2. Every non-static method has an implicit cell variable called 'super'.

I think you're using 'cell' in a different sense than it is normally used in Python's implementation. What you are looking for is called a local variable (I deduce this from your initialization of the "cell" with something computed from the first argument). A 'cell' (as I introduced in my original back-of-the-envelop proposal; apparently you totally missed this reference) is a special kind of object containing a reference to another object and used to implement nonlocal variable references (the Python 2 read-only nonlocals as well as the Python 3 writable nonlocals). The cell is initialized in the surrounding scope and attached to the function object (as func_closure in 2.x, or __closure__ in 3.0). When the function is called, a reference to the cell is stored in the call frame. If anything in your proposal resembles a cell (in the sense that I and other Pythonistas mean it), it's the func_class attribute. In fact, in this sense our proposals are equivalent modulo slight implementation details; I proposed using a cell because there's an existing mechanism to get these mapped into a local variable, and because cells are cheaper than function attributes -- the first function attribute requires creating a dict, which is one of the larger built-in objects.

This would preferably not be able to be rebound.

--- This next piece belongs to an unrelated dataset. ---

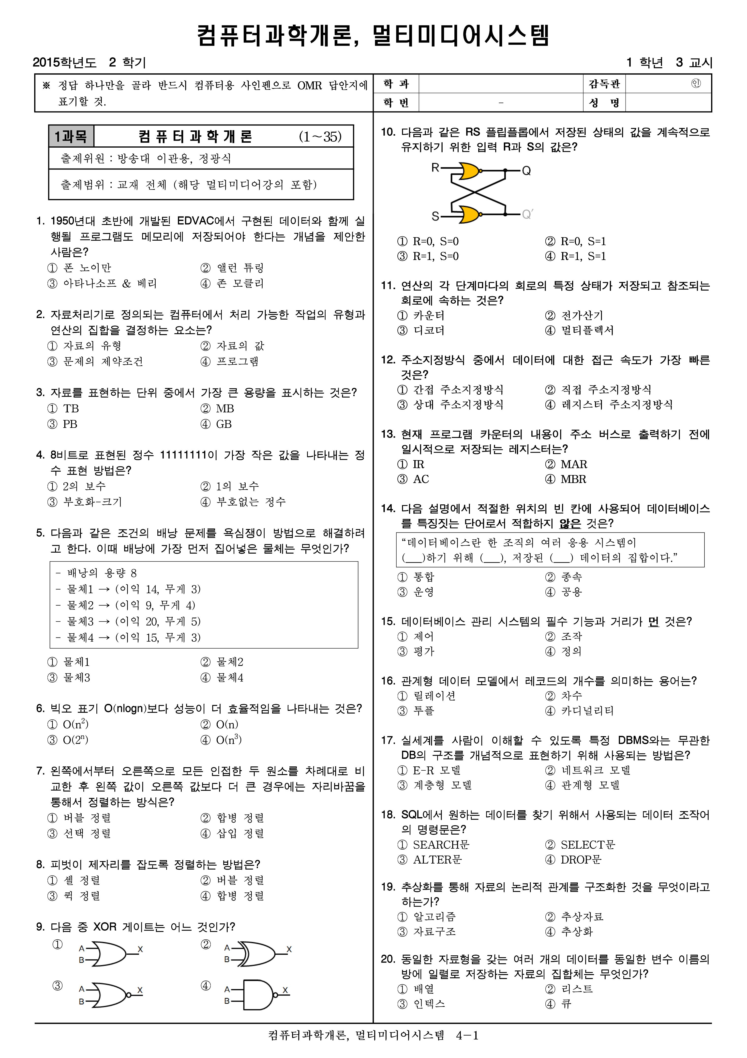 | 방송통신대학교 기말고사 자동채점 컴퓨터과학개론(2018) (0) | 2022.12.16 |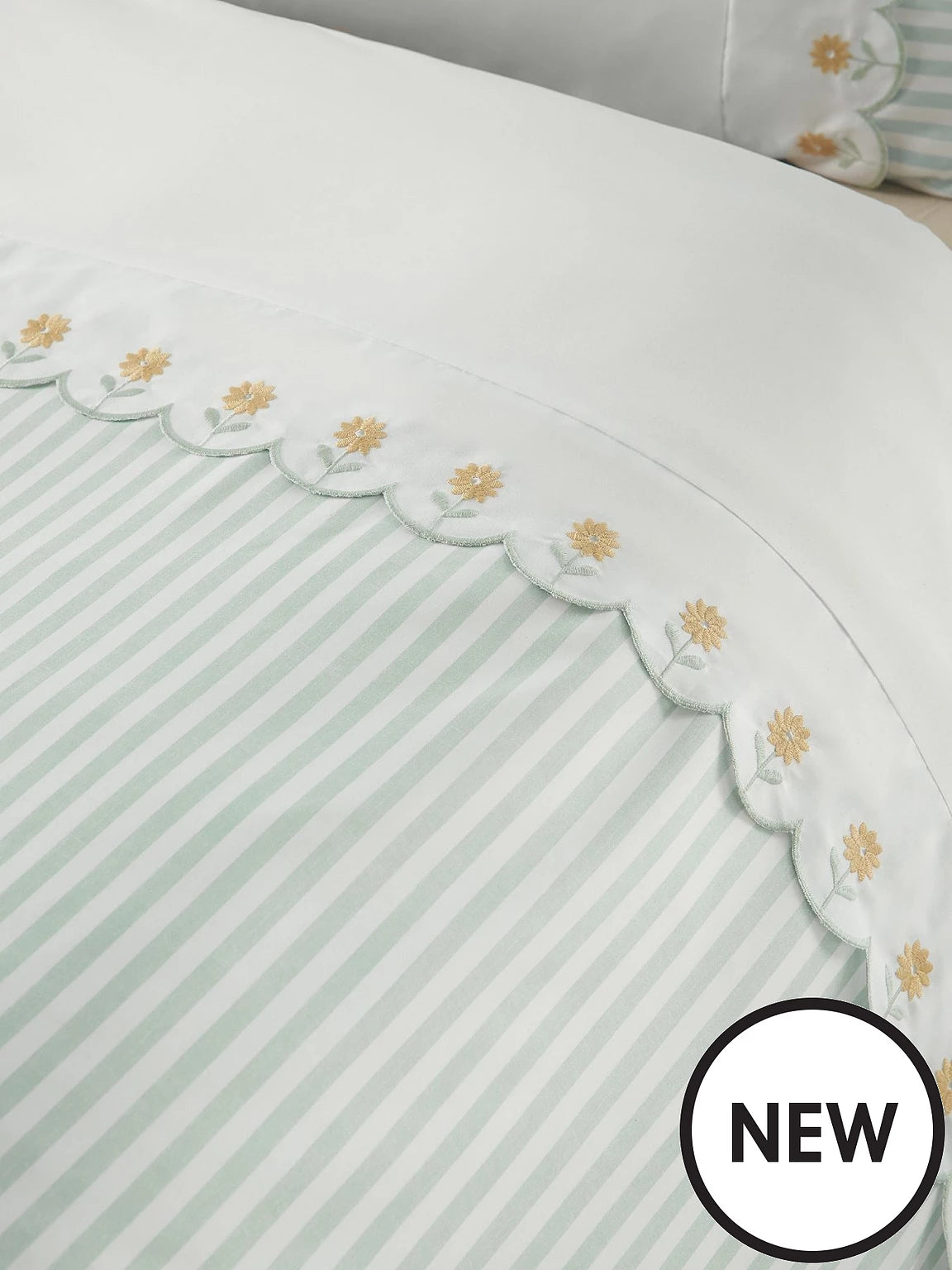 Delight in the gentle charm of this embroidered daisy bedding set, where delicate details meet cottagecore dreams. Featuring soft green pinstripes and scalloped edging, the design is beautifully finished with embroidered daisies for a touch of modern country flair. Easy care and quick to dry, this microfibre set is a time-saving and hassle-free bedding option.

I also think it would be beneficial if the first parameter to the method couldn't be rebound (point 7 in my original email in this thread).

The latter part sounds irrelevant to me.

3. When a method is entered, the 'super' cell variable is populated by a call equivalent to:

super = __builtin__.super(func_class, first_parameter)

This would result in 'super' being a constant object, within the scope of the currently-executing method. 'keyword' was perhaps too strong - I was thinking this would only need to be done if 'super' were actually used, which would be easier to determine if 'super' actually were a keyword. This could still be done by not emitting the above call unless the 'super' cell variable were ever actually used.

This sounds about right to me, with the strong preference that super *should* be made a keyword, and the built-in of the same name renamed to __super__, as it has a somewhat similar relationship to the super keyword as the built-in __import__ has to the import keyword.

I've done bytecode-hacky stuff to do the equivalent of the above (as much as I've been able to), but a real implementation would just emit the correct bytecode (or java bytecode, or whatever) in the compiled code object.

Shouldn't be too hard for someone who's hacked Python/compile.c before.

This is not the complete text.